U.S. stocks end lower as tech weighs on S&P 500 ahead of Fed meeting

Dow books third straight weekly decline

How stock indexes traded

  • The Dow Jones Industrial Average DJIA fell 190.89 points, or 0.5%, to close at 38,714.77.
  • The S&P 500 SPX fell 33.39 points, or 0.6%, to finish at 5,117.09.
  • The Nasdaq Composite COMP dropped 155.36 points, or 1%, to end at 15,973.17.

For the week, the Dow slipped less than 0.1%, the S&P 500 shed 0.1% and the tech-heavy Nasdaq fell 0.7%. The Dow fell for a third straight week, while the S&P 500 and Nasdaq each booked back-to-back weekly losses.

What drove markets

U.S. stocks ended lower Friday, as the S&P 500’s information-technology sector fell sharply to book a weekly loss.

The market’s fuel from the rise in shares of the megacap companies known as “Big Tech” has started to fade in recent months, said Anthony Saglimbene, chief market strategist at Ameriprise, in a phone interview Friday.

The S&P 500’s decline on Friday left it down 0.1% for the week. The index’s biggest sector, technology, booked a weekly decline of 0.4%.

Some investors are worried that stickier inflation may be a headwind for potential interest-rate cuts from the Federal Reserve, which next week will release projections for possible rate decreases in 2024 after concluding its two-day policy meeting on March 20, said Saglimbene.

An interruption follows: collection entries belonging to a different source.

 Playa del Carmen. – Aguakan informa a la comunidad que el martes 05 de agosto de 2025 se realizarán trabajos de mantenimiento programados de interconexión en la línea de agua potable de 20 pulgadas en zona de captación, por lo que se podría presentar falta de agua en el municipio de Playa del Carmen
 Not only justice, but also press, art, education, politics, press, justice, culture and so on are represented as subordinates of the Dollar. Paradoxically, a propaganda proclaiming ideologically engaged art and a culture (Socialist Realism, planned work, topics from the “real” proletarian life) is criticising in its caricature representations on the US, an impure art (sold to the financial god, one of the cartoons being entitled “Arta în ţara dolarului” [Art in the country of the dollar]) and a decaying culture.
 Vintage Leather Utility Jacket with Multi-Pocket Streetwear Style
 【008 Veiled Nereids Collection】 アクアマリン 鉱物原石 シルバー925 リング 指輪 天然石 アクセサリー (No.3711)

After readings earlier this week of both the consumer-price index and producer-price index, there’s “some doubt sown in investors’ minds” that inflation is coming down enough for the Fed to start lowering rates at the pace the market anticipates, he noted.

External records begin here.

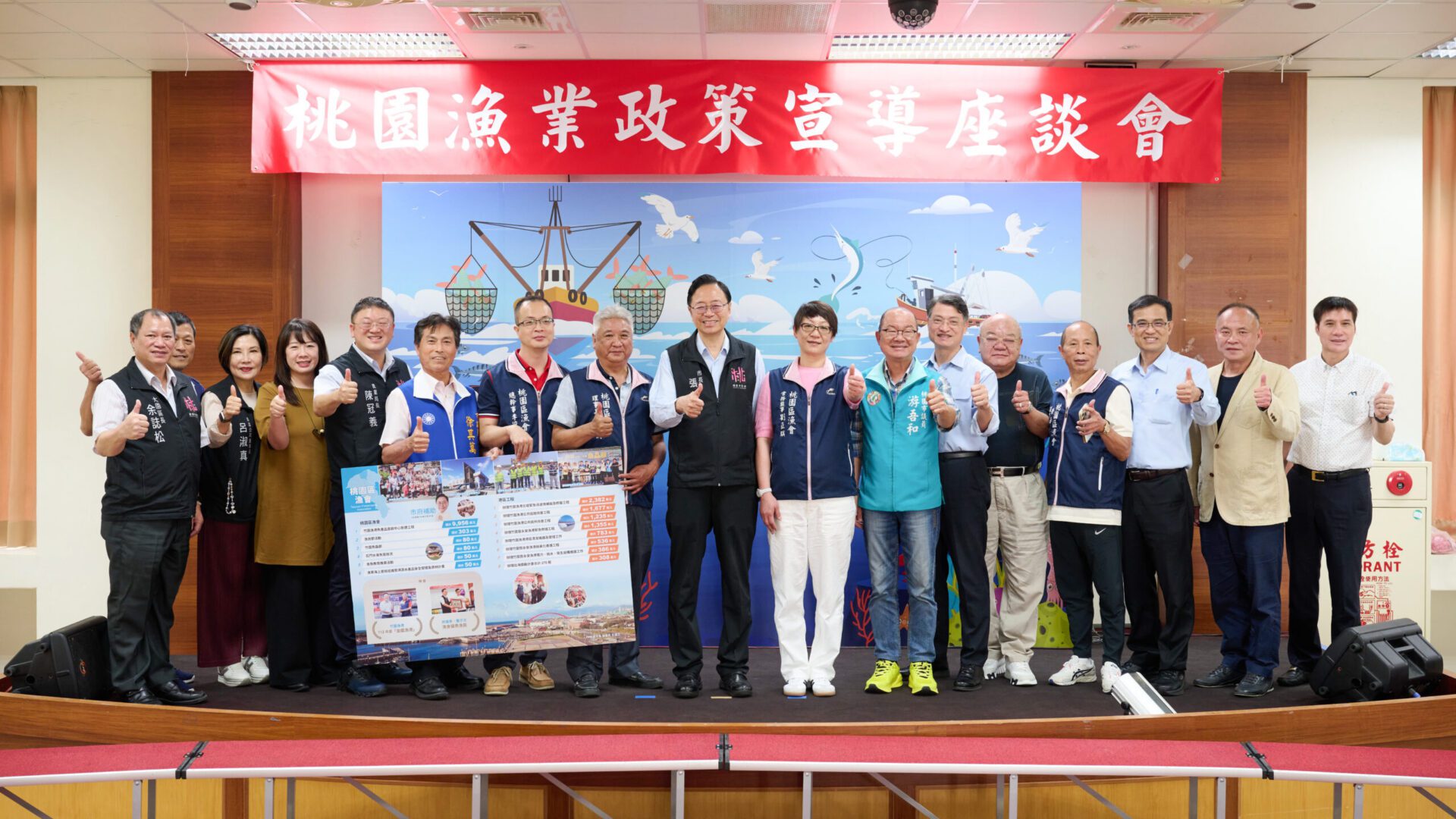 桃園市政府向來注重桃園漁業漁港環境改善再造,市長張善政今(9)日出席桃園區漁會政策宣導座談暨彰化區漁會聯誼活動,會中向漁民報告,上任至今桃園市政府挹注桃園區漁業發展超過1億9000萬元經費,改善漁港環境及漁港北岸直銷中心新建工程;張善政也親自頒贈獎牌及木匾,恭賀理事長陳義成、常務監事劉亞琪、總幹事李俊彥等47位新選任代表上任,期許桃園區漁會績效長紅。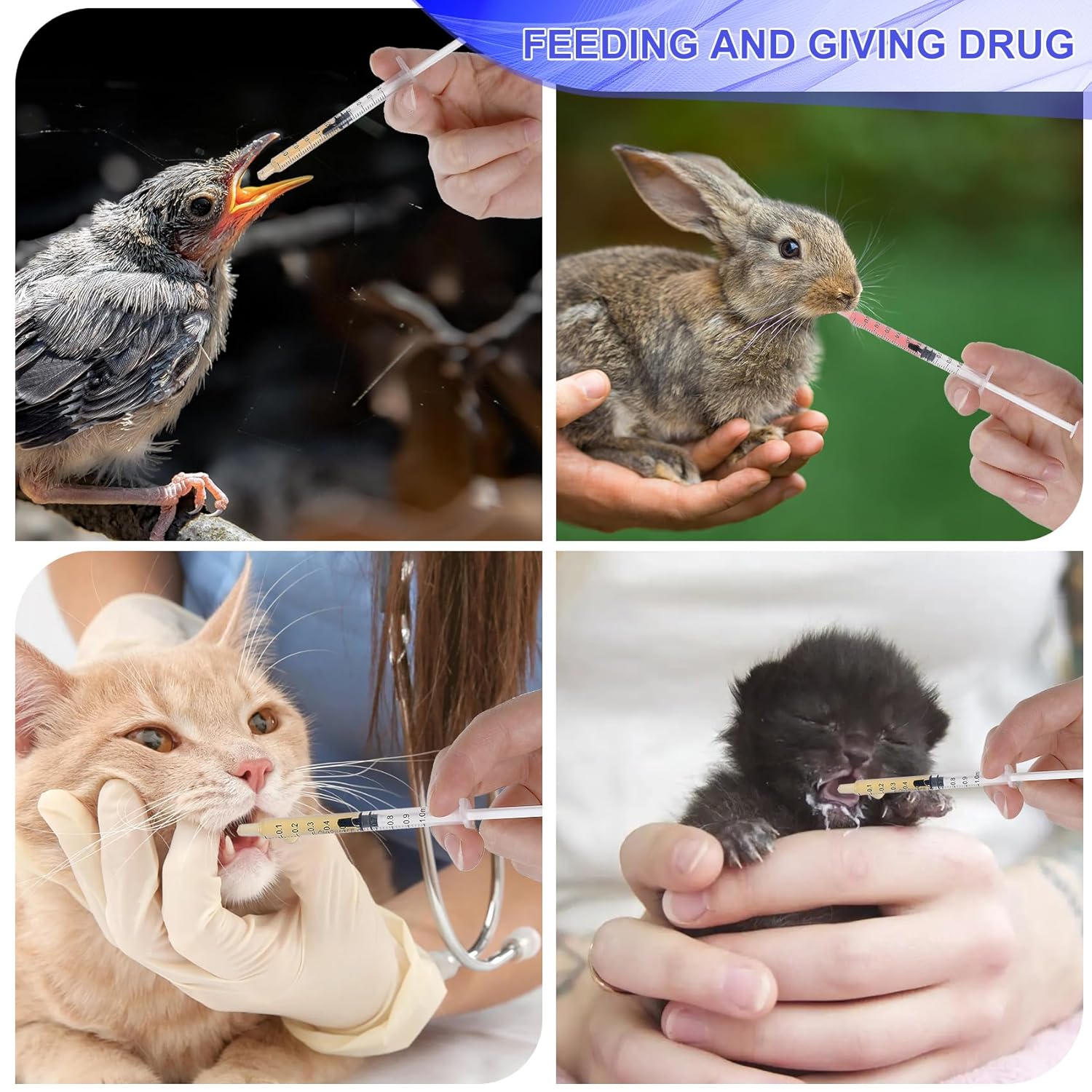 24 Pack 1ml Syringes with Caps Sterile, Individually Sealed Plastic Syringe for Precise Liquid Refilling, Measuring, and Feeding Pets or Applying Oil/Glue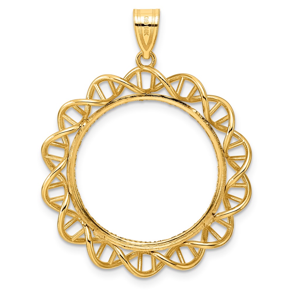 14k Diamond Cut Singapore with 22.0mm Prong Coin Bezel Pendant

Traders in the federal-funds futures market are expecting that the Fed will hold its benchmark rate steady at its policy meeting next week and again in May — with a 55.5% chance for a quarter-percentage-point cut in June to a target range of 5% to 5.25%, according to the CME FedWatch Tool, at last check.

Sinead Colton Grant, chief investment officer at BNY Mellon Wealth Management, said in a phone interview that she’s still expecting three rate cuts by the Fed this year.

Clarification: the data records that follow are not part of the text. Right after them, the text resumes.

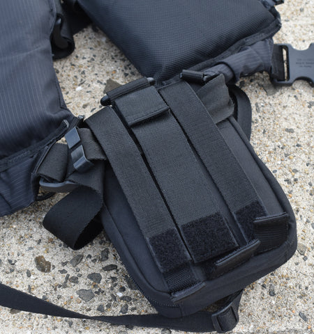 カラビナでぶら下げたり、背面ベルトを使ってベストへの装着したりなど、軽快にランガンスタイルを楽しめます。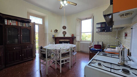 On the ground floor we find a large entrance hall, double living room, eat-in kitchen with fireplace, double bedroom and closet; an imposing marble staircase leads us to the upper floors, but halfway up the stairs are the two bathrooms, currently the only ones in the farmhouse.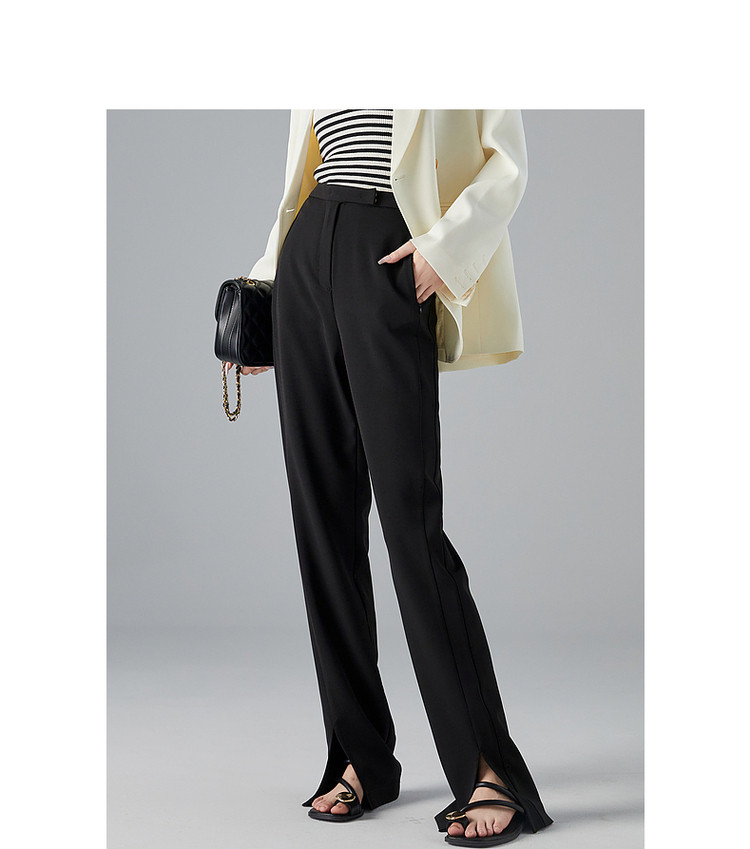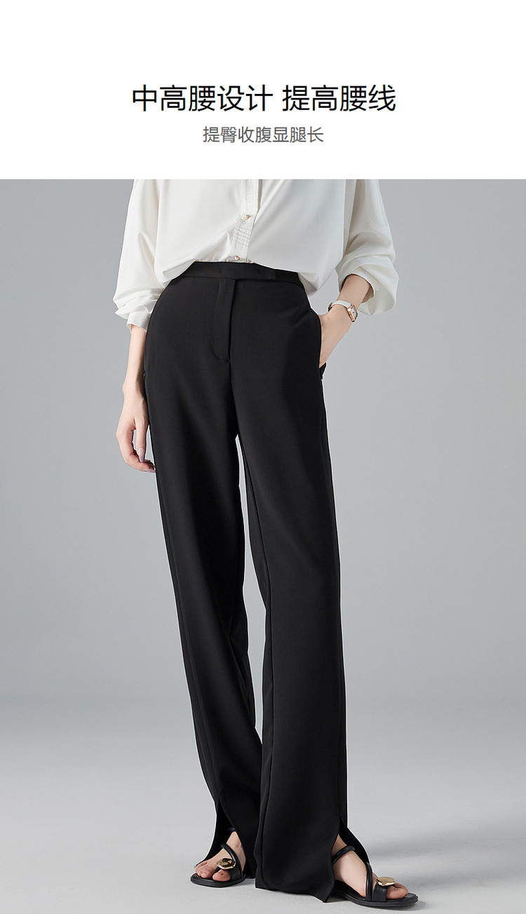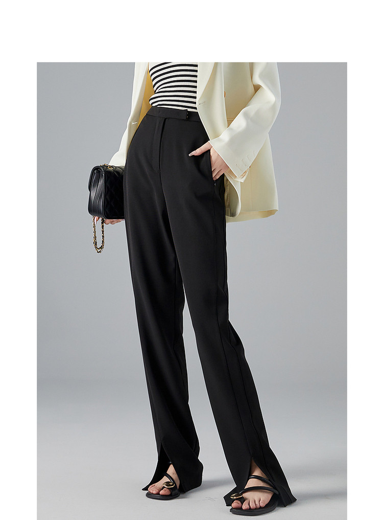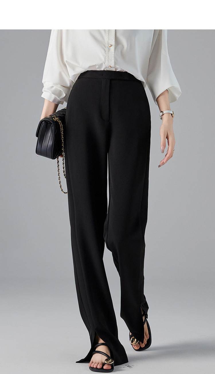 商品名称:【OL简约风长裤】秋高腰开衩微弹女裤子女休闲裤 782593

“We expected that inflation would be stickier on the way down,” Grant said Friday. “If it gets pushed out a little bit from June to July, the key for us is that you would still expect three rate cuts,” she said.

Meanwhile, several Big Tech stocks — a group of megacap companies that span the tech, communication-services and consumer-discretionary sectors — fell Friday. Shares of Microsoft Corp. MSFT, -2.07%, Amazon.com Inc. AMZN, -2.42%, Google parent Alphabet Inc. GOOGL, -1.34% GOOG, -1.50%, Facebook parent Meta Platforms Inc. META, -1.57% and Apple Inc. AAPL, -0.22% all slid.

The S&P 500’s tech, communication-services and consumer-discretionary sectors each closed sharply lower, down more than 1% in Friday’s session.

In economic data released on Friday, the New York Fed’s Empire State business-conditions index, a gauge of manufacturing activity in the state, fell 18.5 points in March, to negative 20.9.

“Manufacturing activity has been in a slump,” said Saglimbene.

In other economic news Friday, U.S. industrial output inched higher in February following a decline in January, while a reading from a closely watched survey of consumer sentiment fell slightly in early March from a 32-month high.

Companies in focus

  • Adobe Inc. ADBE, -13.67% shares sank 13.7% after the company posted its quarterly results.
  • The latest quarterly rebalancing of the S&P 500 will take effect Monday — meaning Friday was the last session for index-fund managers to add shares of Super Micro Computer Inc. SMCI, -5.42% and Deckers Outdoor Corp. DECK, -2.49% and sell shares of Whirlpool Corp. WHR, -0.53% and Zions Bancorp ZION, -0.03%.